Deuxièmement, la tenue de la deuxième édition en 2019 a accru la probabilité que le forum sur la BRI devienne une réunion régulière tous les deux ans. Cela peut être considéré comme une évolution de l'initiative BRI, passant de la « vision à la réalité, de l'idéologie à l'action ». La portée et la capacité d'exécution de la Chine se sont accrues, ce qui témoigne du renforcement des réseaux politiques et économiques entre la Chine et les pays participants à la BRI. Cette augmentation de l'influence est également démontrée par l'expansion de la BAII, qui comptait 57 pays fondateurs et compte désormais 77 États membres en deux ans.

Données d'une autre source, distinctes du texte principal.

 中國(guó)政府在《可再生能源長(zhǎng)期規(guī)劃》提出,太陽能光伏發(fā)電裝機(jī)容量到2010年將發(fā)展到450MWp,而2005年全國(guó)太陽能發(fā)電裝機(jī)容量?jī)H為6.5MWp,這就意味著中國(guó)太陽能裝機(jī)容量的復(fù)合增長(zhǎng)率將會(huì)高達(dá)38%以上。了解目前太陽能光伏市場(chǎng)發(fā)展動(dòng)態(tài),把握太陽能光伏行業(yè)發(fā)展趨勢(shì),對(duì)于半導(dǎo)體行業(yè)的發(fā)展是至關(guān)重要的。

Troisièmement, la contribution économique de la Chine aux pays de la BRI s'est accrue, assurant ainsi à la Chine des débouchés externes pour sa croissance économique. De 2014 à 2016, le commerce entre la Chine et les pays de la BRI a dépassé 3 000 milliards de dollars, représentant 25,9 % du commerce total de la Chine. En 2016, le taux de croissance des exportations vers cette région était de 26,2 %, dépassant largement le taux de croissance global des exportations chinoises. De plus, 56 zones de coopération économique et commerciale ont été construites dans ces pays, où les entreprises chinoises ont investi plus de 50 milliards de dollars, générant 1,1 milliard de dollars de recettes fiscales et créant 180 000 emplois. Le cabinet de conseil américain McKinsey prévoit que d'ici 2050, les pays le long de la BRI contribueront à 80 % de la croissance économique mondiale, ce qui encourage encore davantage la Chine.

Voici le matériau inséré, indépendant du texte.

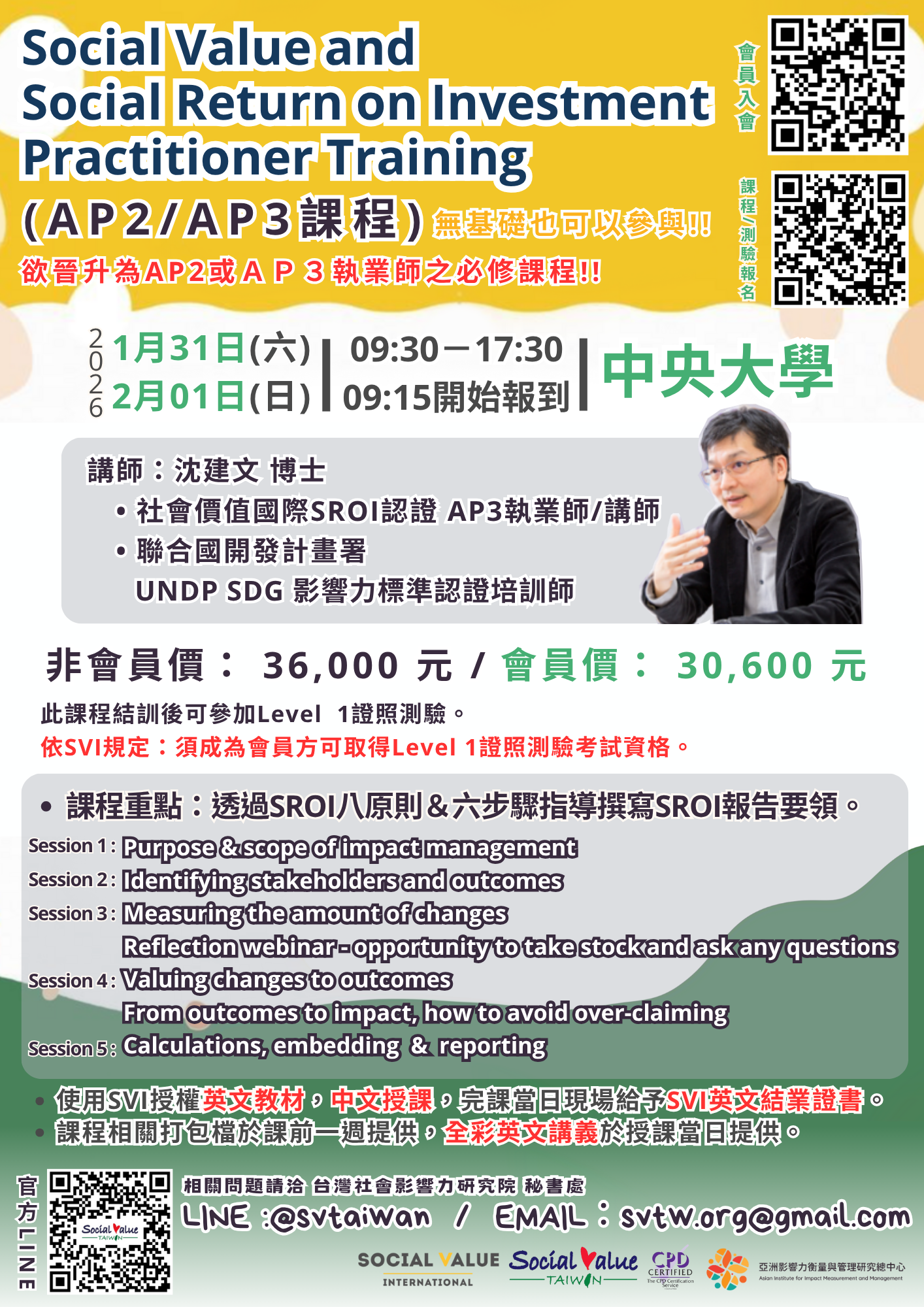 1/31(六)-2/1(日) 和沈建文博士在中央大學一起探索SROI的世界。

Approfondissement de la stratégie de développement national liée à la BRI
L'un des points de départ de la BRI était l'élaboration d'une stratégie d'expansion à l'étranger pour résoudre le problème de surinvestissement. Par conséquent, toutes les administrations locales ont fait de la BRI une nouvelle force de développement tout en résolvant le problème de surcapacité, et 31 des 32 provinces et municipalités ont élaboré des stratégies de développement liées à la BRI. Conformément à la vision et à l'action du gouvernement central, chaque gouvernement intensifie la concurrence pour obtenir une position avantageuse en exploitant ses avantages comparatifs.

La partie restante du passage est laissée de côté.